Work in our lab has shown that sister chromatids are held together by a multi-subunit complex called cohesin whose Smc1 and Smc3 subunits are rod shaped proteins with ABC-like ATPases at one end of 50nm long intra-molecular anti-parallel coiled coils. At the other ends are pseudo-symmetrical hinge domains that interact to create V shaped Smc1/Smc3 heterodimers. N- and C-terminal domains within cohesin’s third subunit, known as α kleisin, bind to Smc3 and Smc1 ATPase heads respectively, thereby creating a huge tripartite ring whose integrity is essential for holding sister DNAs together. A thiol protease called separase opens the cohesin ring by cleaving its α kleisin subunit, which causes cohesin’s dissociation from chromosomes and triggers sister chromatid disjunction.
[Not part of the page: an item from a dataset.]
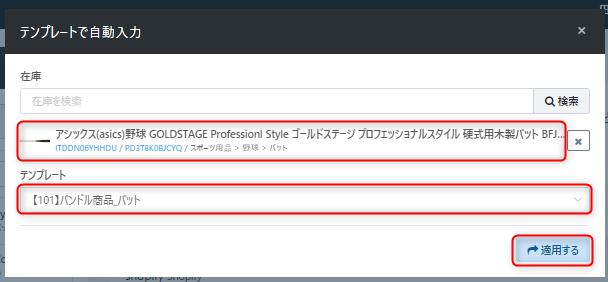 ③【テンプレートで自動入力】画面において、以下を指定のうえ【適用する】ボタンをクリックします。

We have proposed that cohesin holds sister DNAs together by trapping them within its ring structure. As predicted by this hypothesis, linearization of a small circular chromosome permits chromatin fibres to slide through the cohesin ring and severs the connection between sister DNAs, while introduction of site-specific chemical cross links at the three interfaces between cohesin’s Smc1, Smc3, and a kleisin subunits traps circular sister DNAs inside a single, albeit huge, circular cohesin molecule even after protein denaturation.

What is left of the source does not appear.